INNER SMILE SELF-CARE
Daily — perhaps in bed; lunch break; watching television; whenever suits you
Allow your body to sink down into being at ease
Let your abdomen slump and let your breath soften
Switch on the attitude of good bedside manner, like a friendly parent
Focus down into your own body and scan it
In whatever sequence works for you, give awareness to and feel into each organ and each region; sense into your systems
Notice how it all feels and the indications
Think about the appropriate health benefiting activities
Action the appropriate health benefiting activities
The long-term benefits for you and your community are immense.
What is the connection between the state of your gut and spiritual wisdom?
If you are up-to-speed with developments in medicine you will know that there is substantial evidence now for the health connection between the lower intestine and the brain. This is so well evidenced that some hospitals are performing poo transplants, replacing unhealthy with healthy faeces. The condition of the gut is implicated in so many illnesses. Some of them are obvious, such as inflammatory bowel disease, obesity and cancer. Some are more unexpected such as autism, Alzheimer’s, Parkinson’s and other mental health conditions.
Spiritual traditions have known about the gut’s importance for millennia. You can see it expressed in drawings and sculptures of many goddess figures and Buddhas. These images show a contented being with a large but very comfortable belly.
In most traditions of meditation, self-healing and internal martial arts, there is clear guidance to be at ease in our abdomens – to ground, centre and earth our bodies. When we do this, our stomachs relax and sink. There is a shift in our physical and mental states. We become calm in our bodies. Our centre of gravity drops down into our abdomen and is no longer in the chest or head. The feeling is good and comfortable. From this stable and agreeable state we can then meditate and do our spiritual practices more effectively.
The teaching is always the same. Be centred and at ease in your body. In martial arts and classical Japanese medicine there is a single word for this state – hara. To be in hara means to be grounded down in your body and at the same time kind and mindful.
All of this points to a very clear traditional understanding of mind-body-spirit integration.
This connection between the gut and our psychological state is so clearly demonstrated in anxiety and tension. When we are anxious our gut is tense, acidic and its microbes unbalanced. Our heartbeat is not integrated. Our breath is uncomfortable. Our brains are over-stimulated and it is difficult to think straight. We may sweat or shake or feel nauseous.

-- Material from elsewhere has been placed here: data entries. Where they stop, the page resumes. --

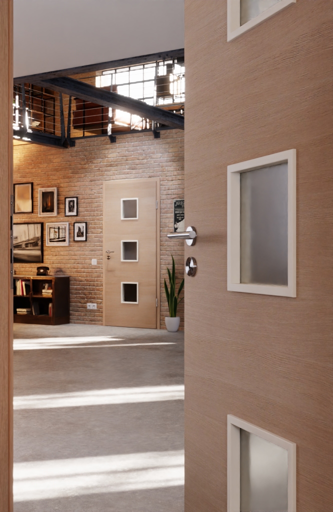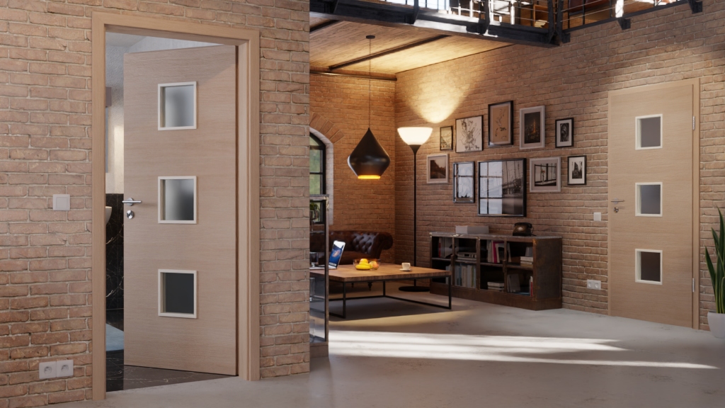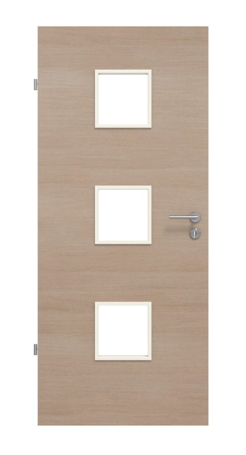 Otwór świetlny z nałożonymi listwami w kształcie prostokąta nadaje pomieszczeniu nowoczesny klimat. Trzy kwadratowe otwory świetlne w środku drzwi zachwycają wszechstronnością. Rozmieszczenie umożliwia trzy efekty: widok na zewnątrz, wystarczającą ilość światła oraz chroniony dolny obszar drzwi przed uszkodzeniami.
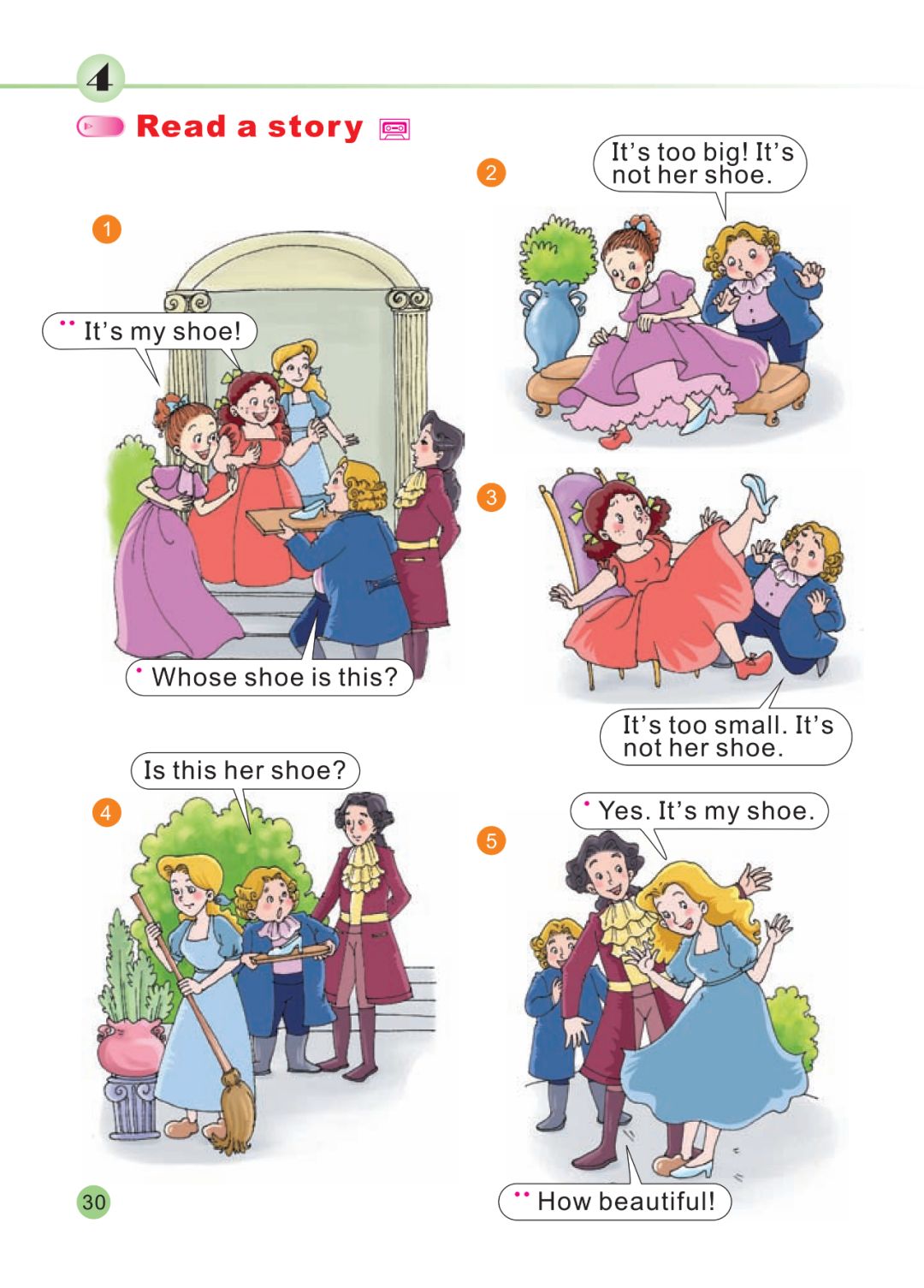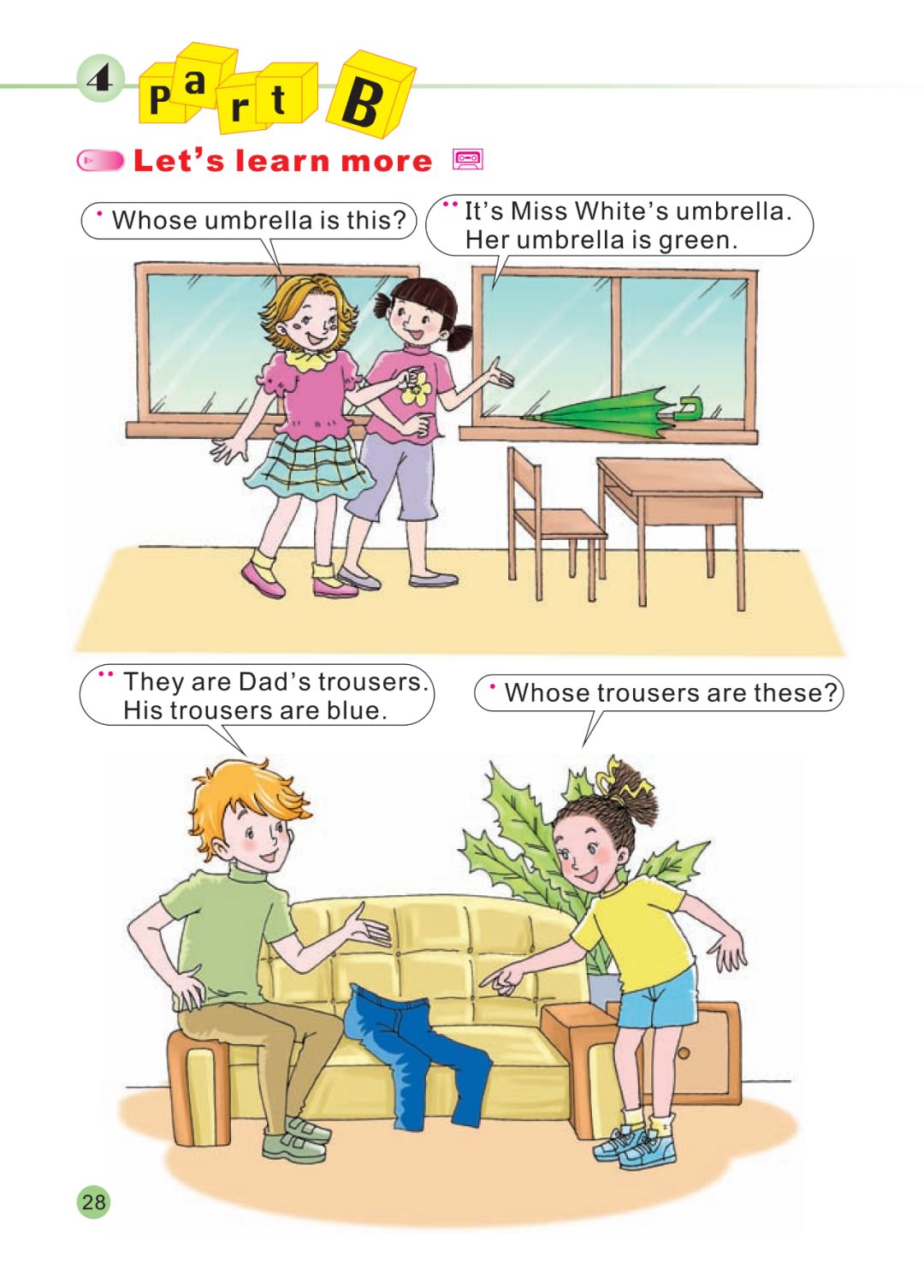 It’s Miss White’s umbrella.Whose trousers are these?This is Mr Zhao’s jacket.This is Wu Chen’s trousers.This is Miss White’s shoes.It’s too big! It’s not her shoe.It’s too small. It’s not her shoe.
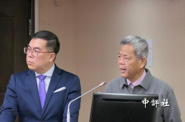 彭啓明(左)與環境管理署長顏旭明備詢。(中評社 俞敦平攝)
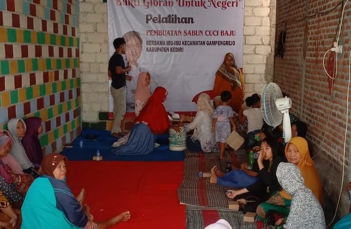Kediri, GelarFakta – Sebagai upaya bakti Gibran Rakabuming Raka kepada negeri, puluhan emak-emak di Kecamatan Gampeng Rejo, Kabupaten Kediri, memperoleh pelatihan membuat detergen oleh relawan Bolone Mase.
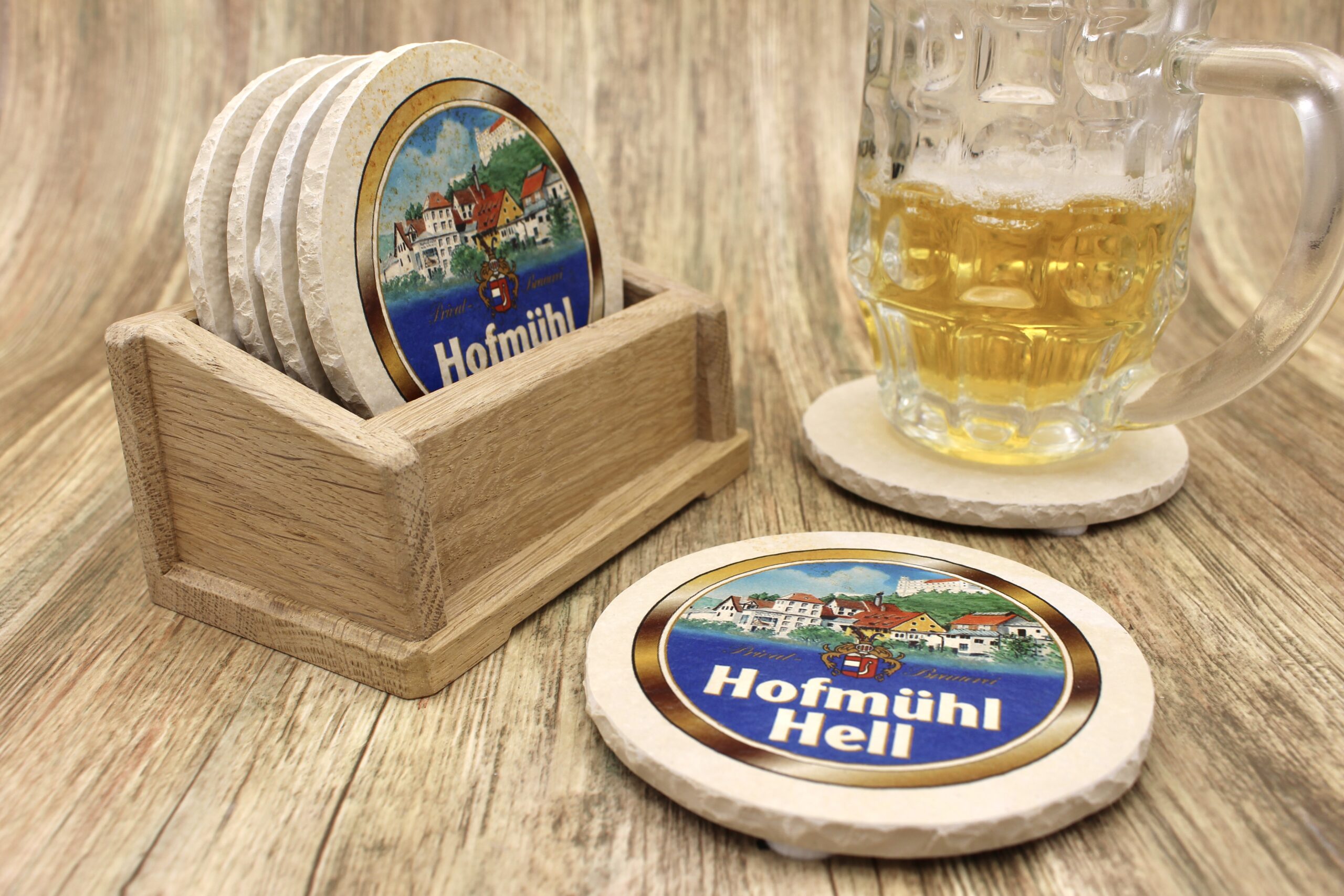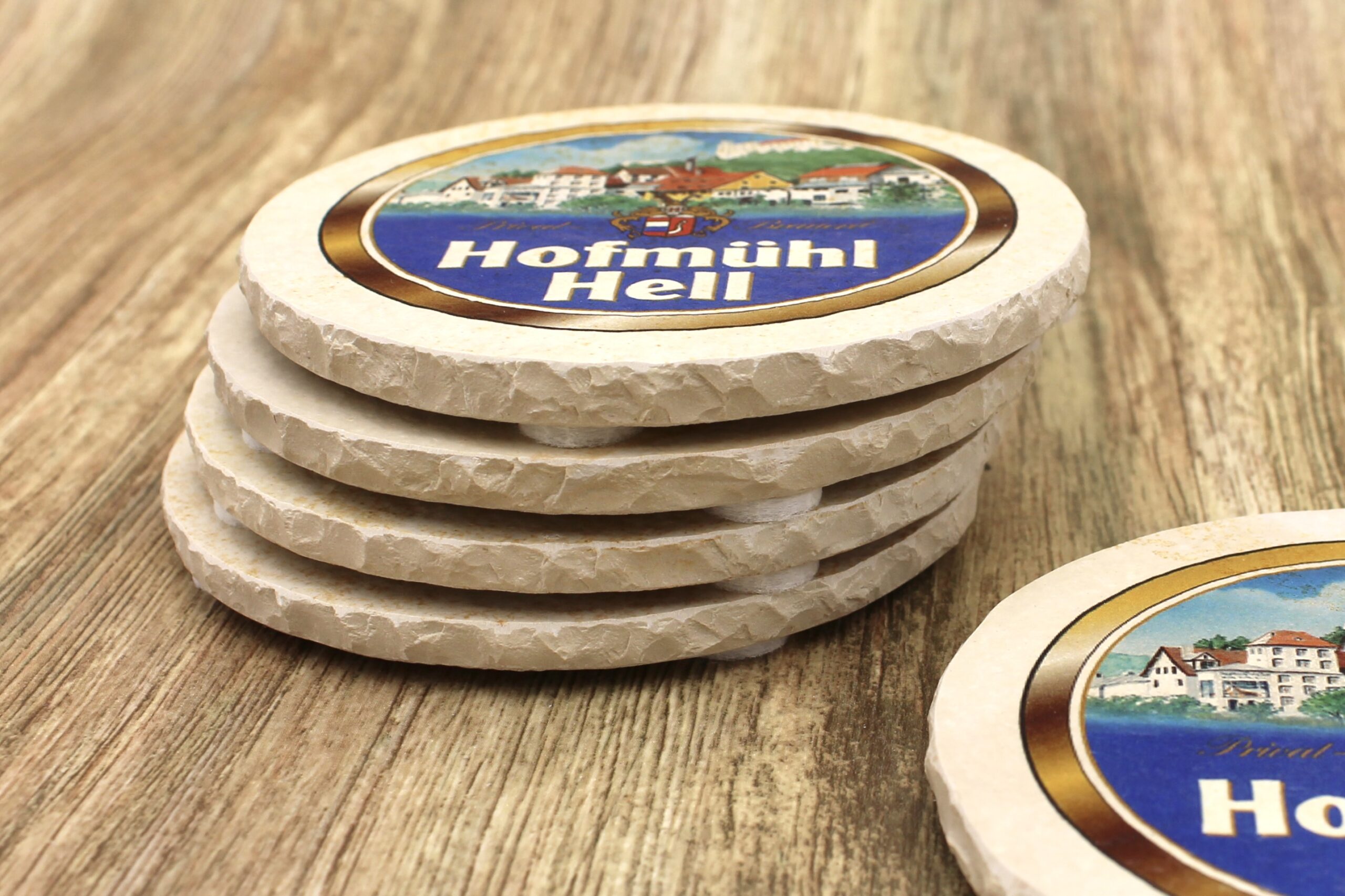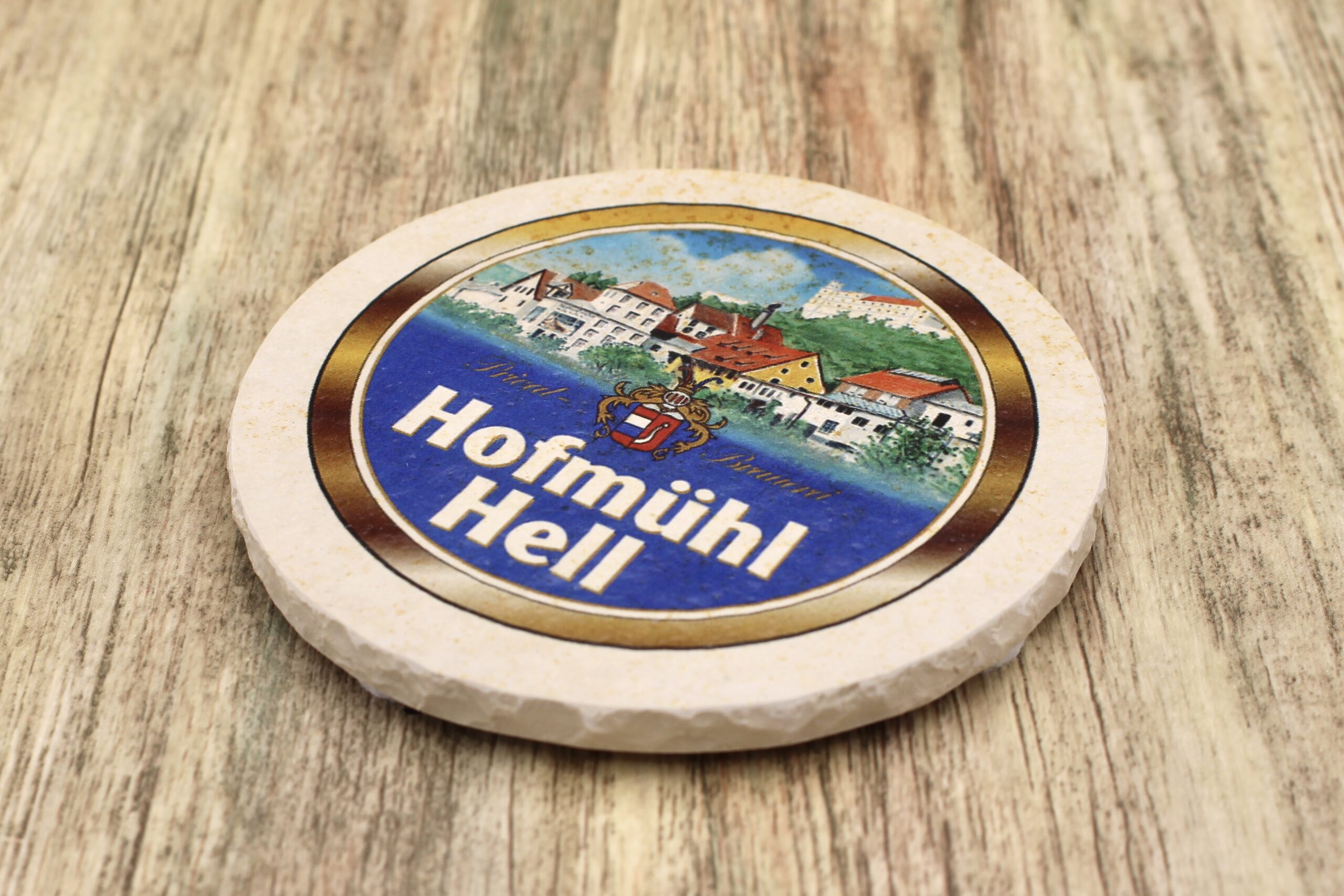 Bierdeckel aus Naturstein mit Logo der Brauerei Hofmühl aus Eichstaett ✓ Dein Fützl: perfekt als Geschenk & Fanartikel & für Sammler ✓ Echt biologisch: Aus Solnhofer Naturstein handgemacht in Bayern ➨ Jetzt bestellen!

Most spiritual traditions teach the same quick and efficient way to manage that horrible state. It is very simple: belly breaths. These are soft, slow and calm breaths down into the abdomen. Just two or three soft breaths can work wonders.
These gentle abdominal breaths send reassuring messages through our neuro-endocrinal system. They are a signal that we are in control and consciously self-managing. Get your abdomen to be at ease – and it will ripple through your whole body, calming your heart, breath and brain.
But for me there is more to it than just the physical and mental wellbeing. There is also an important spiritual dimension. This is the crucial concept that the spiritual purpose of being human is to manifest love and compassion, and to become fully mindful and conscious. I am sure that many of my readers align with this philosophy: we are here to embody love.
And one thing is certain. If we are a bag of nerves, dealing with the frantic arousals of survival and anxiety, we cannot fulfil this spiritual purpose. On the contrary, we need a calm foundation, a gut that is at peace.
Our bodies need to be at ease so that we are oases of calm and blessing in a wounded world. So whenever you can and whenever you need, remember the universal strategy taught for millennia across the world: Gentle, slow, soft breaths down into the belly. Just two or three soft breaths can shift the mood. This is good for your health, your spiritual growth and everyone around you.